Mortgage competition to ease as rates rise, says Bank of Queensland boss Patrick Allaway
Bank of Queensland boss Patrick Allaway says competition for home loans will subside as mortgage stress forces banks to price risk more appropriately amid rate hikes.
Bank of Queensland expects “irrational” competition for mortgages to subside, with banks having to “price risk” more prudently as the central bank raises interest rates for the eleventh time since last May.
With mortgage stress rising and prisoner customers – those unable to meet serviceability criteria for loans at new banks – having no option but to stay put even if they have to pay more, banks won’t be willing to compete as much for home loans.
After declaring last month that the bank would sit out an irrational market where mortgages were being offered at interest rates below banks’ cost of capital, BOQ chief executive Patrick Allaway on Tuesday told the Macquarie Australia conference things would “rationalise”.

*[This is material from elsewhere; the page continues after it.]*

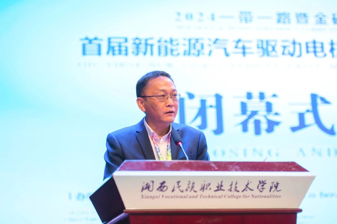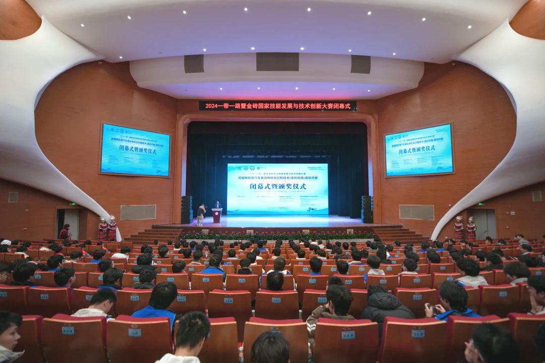 12月1日上午,在湘西民族职业技术学院举办的一带一路暨金砖国家技能发展与技术创新大赛首届新能源汽车驱动电机及控制技术(虚拟仿真)赛项决赛,经过一天的激烈比拼,各项赛程圆满完成后胜利闭幕。闭幕式暨颁奖仪式在湘西职院展示厅举行,湘西职院党委书记谢绍猛、湘西职院校长翁波、北京智学客教育科技有限公司市场总监赵树森、北京企学研教育科技研究院竞赛合作处副主任张俊猛、赛项专家组长张立荣、赛项仲裁长何锡武、赛项裁判长林崟、湘西职院副校长白刚、吴娟等出席闭幕式,本次赛项参赛选手及指导老师、湘西职院交通工程学院师生代表近千人参加了闭幕式。闭幕式由湘西职院副校长陈杨晖主持。

“With the industry headwinds that you’ve got at the moment, going into a tough macro environment, my sense is you will see pricing for risk become more prudent,” Mr Allaway said.
He was speaking in Sydney just hours before the Reserve Bank of Australia on Tuesday surprised investors and economists with a 0.25 basis points increase in the cash rate – the target rate for overnight loans between banks – to 3.85 per cent, the fastest tightening cycle in a generation.

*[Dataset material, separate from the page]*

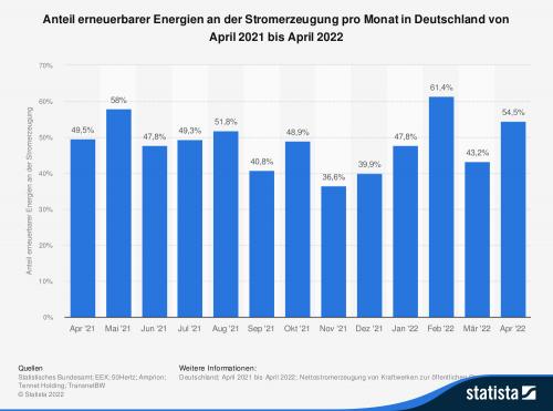 Die Statistik zeigt den monatlichen Anteil erneuerbarer Energien an der Stromerzeugung in Deutschland von April 2021 bis April 2022. Im April 2022 betrug der Anteil erneuerbarer Energien an der Stromerzeugung in Deutschland rund 54,5 %. Der Durchschnittswert für das Jahr 2022 lag bei 51,4 %. Die Werte basieren auf Zahlen des Statistischen Bundesamtes, der EEX und der vier Übertragungsnetzbetreiber Amprion, 50 Hertz, Tennet und Transnet BW.

Australian banks are generally very quick in passing on the increase to home loan customers, which has an immediate impact on millions of Australian households, many of which could not afford many more interest rate increases.

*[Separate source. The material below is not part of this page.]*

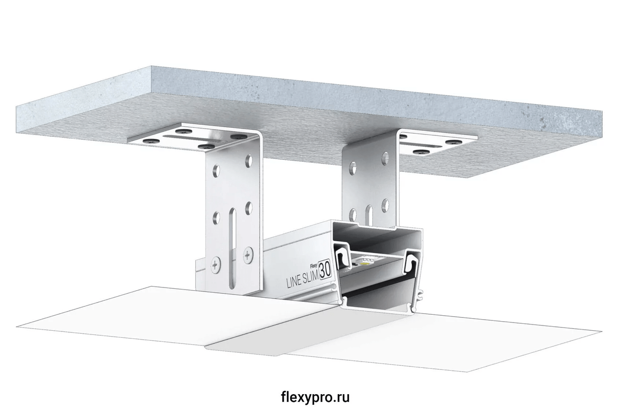 Разделительный профиль Flexy LINE SLIM 30 для натяжных потолков с гарпунной системой крепления полотна. Для изготовления световых линий.

Banks are competing fiercely for home loans that in the next 12 months will need to be refinanced at rates that have more than doubled in cost, from about 2 per cent to about 5.5 per cent.
But many customers seeking to refinance their loans would not pass the so-called “serviceability” test that banks must apply before selling a new loan.
About one in every five borrowers fail to meet the test – which adds a 3 percentage point imaginary “buffer” to the actual mortgage rate.
The only option for these prisoner customers that don’t meet the criteria would be their current bank.
Macquarie banking analysts said there were early signs of competition lessening for new mortgages, or what banks call their front book.
After analysing their proprietary Lendi Mortgage Pricing Index, Macquarie’s head of research Victor German said they had seen pricing “moderate”.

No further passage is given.